RStudio Guide
What is R?
Similar to Python, R is an open-source statistical software that is used to clean and analyze data. It is popular within the data science community and has many packages that make statistical modeling easier for statisticians and data scientists. To get an idea of why it might be worth learning R, this blog post gives a great explanation and is worth a read.
To download R, go to the Comprehensive R Archive Network (CRAN) website and download the version of R for your system.
You’ll want to download the file similar to R-4.2.2.pkg
. Once you’ve downloaded R to your machine, follow the prompts (it’s best to accept the defaults) to install the software.
What is RStudio?
RStudio is an integrated development environment (IDE) for R that is available in both open source and commercial editions. RStudio is developed by Posit, a company that creates open source software for data science, scientific research, and technical communication. They are also responsible for many R resources and package development. Take a look at the resources page on the Posit website for more information, but below are just a couple of useful resources from RStudio.
- Books
- Tidyverse Blog
- Posit Blog
- RMarkdown Documents
- A ModernDive into R and the Tidyverse - This book is extremely helpful to beginners explaining the difference of R and RStudio and getting familiar with how to use RStudio
Before you download RStudio you must first download R. RStudio will not run if you have not downloaded R on your machine.
To download RStudio, go to the Posit website and navigate through Products > RStudio IDE > (click) Download RStudio > Download RStudio Desktop.
Or you can just go here and follow the steps on their website.
NOTE R and RStudio may be used interchangeably throughout this page.
Download and Configure Snowflake Driver (MacOS)
RStudio can connect to various database for production development of models or ad hoc analysis. If you want to connect to Snowflake below are some steps to accomplish this.
-
First you will need install unixODBC using homebrew. If you have not already installed homebrew on your machine, the website will give you the commands to do so. Once homebrew is installed, unixODBC can be installed using the command:
brew install unixodbc
- Alternatively, iODBC can be used, but this documentation uses unixODBC as the chosen driver manager.
-
This will create two configuration files, odbcinst.ini and odbc.ini.
- odbcinst.ini holds the ODBC drivers information.
- odbc.ini holds information required to connect to databases, such as host, username, etc. This is where you set up your DSN for your system.
- to see the location of these configuration files, run the command
odbcinst -j
.
-
Download the latest driver for Snowflake here. You can then follow these instructions to complete the configuration of the driver on your machine.

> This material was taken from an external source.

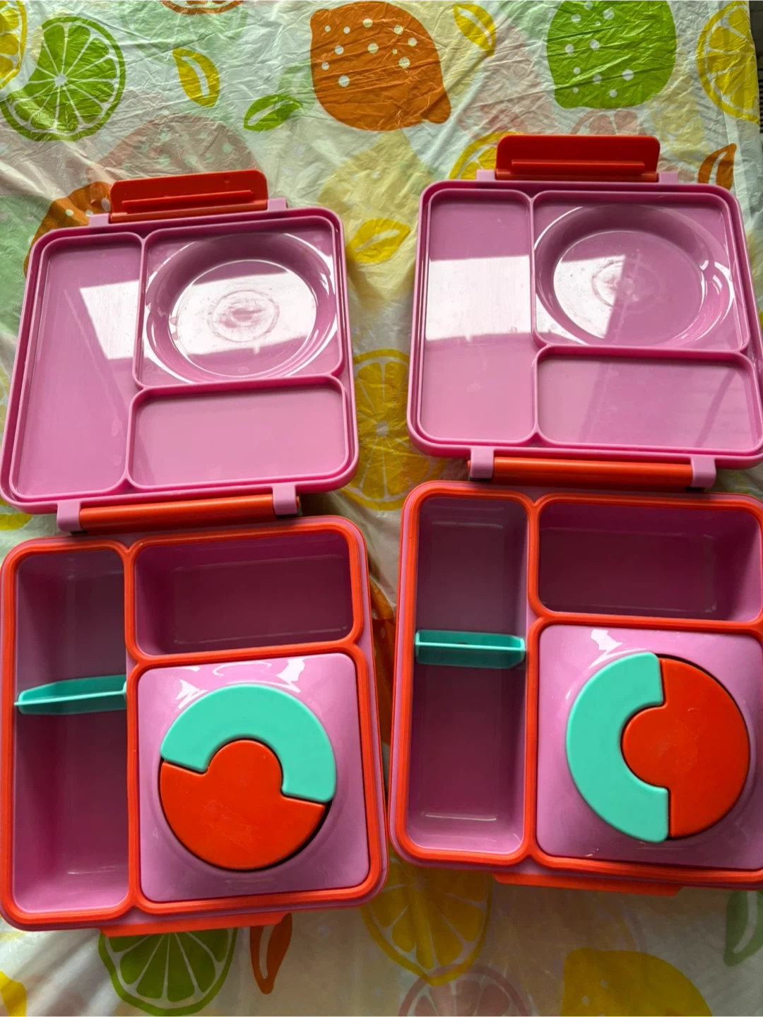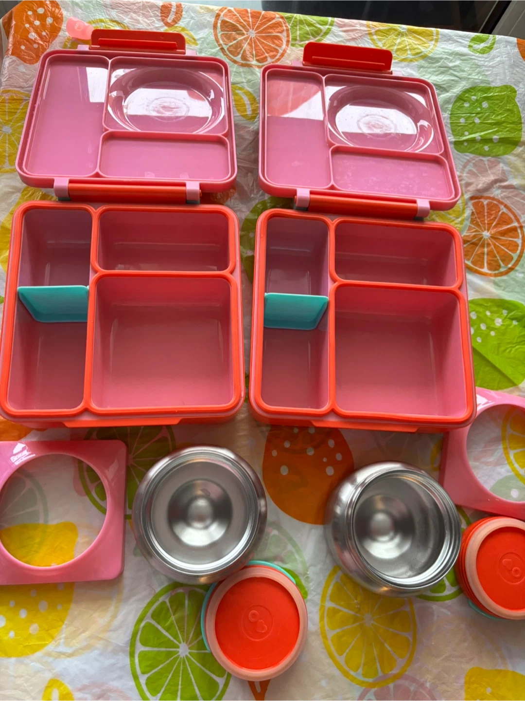 Selling OmieBox bento lunch boxes in pink and orange. Great for packing kids’ lunches and in like-new condition—clean and ready for a new home.
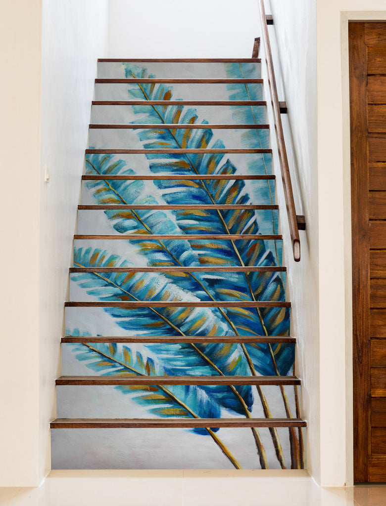 3D Blue And Yellow Memory Leaves 608 Stair Risers Romy

- As many parameters as desired can be entered in the configuration files, such as role, database, warehouse, username, etc. However, these can also be specified in RStudio. Is you choose to set up the configuration files with these details, it may be necessary to set up a DSN for every database/schema used in Snowflake.
- Below are examples of how to configure the odbc.ini and odbcinst.ini files in the user file location.
odbcinst.ini (location of file based on output from the odbcinst -j
command above)
[Snowflake]
Driver = /opt/snowflake/snowflakeodbc/lib/universal/libSnowflake.dylib
odbc.ini (location of file based on output from the odbcinst -j
command above)
[ODBC Data Sources]
SnowflakeDSII = Snowflake
[SnowflakeDSII]
Server = gitlab.snowflakecomputing.com
Port =
UID =
Schema =
Warehouse =
Driver = /opt/snowflake/snowflakeodbc/lib/universal/libSnowflake.dylib
Description = Snowflake DSII
Locale = en-US
Tracing = 0
Authenticator = gitlab.okta.com
This video shows the basic steps to connect a tool (it covers Excel) to Snowflake via ODBC.
Connecting to Snowflake in RStudio
The next step is to connect RStudio to Snowflake using the driver configurations you’ve just set up. This can be accomplished by using the DBI
,tidyverse
, and odbc
packages in R. For a general overview on how to connect to databases in RStudio, please refer to this website for detailed information.
This is an example of the code that can be used to connect to Snowflake in R.
con <- DBI::dbConnect(odbc::odbc(),
driver = "Snowflake",
uid = rstudioapi::askForPassword("Database UserID"),
role = [your user role],
warehouse = [warehouse you wish to connect to],
pwd = rstudioapi::askForPassword("Database password"),
Authenticator = "externalbrowser",
database = [database you wish to connect to],
schema = [schema you wish to connect to],
server = "gitlab.snowflakecomputing.com"
)
Some details regarding the above code:
- DBI is a package that helps connect R to various databases. Above, we are using the
dbConnect()
function to pass our database parameters. odbc::odbc()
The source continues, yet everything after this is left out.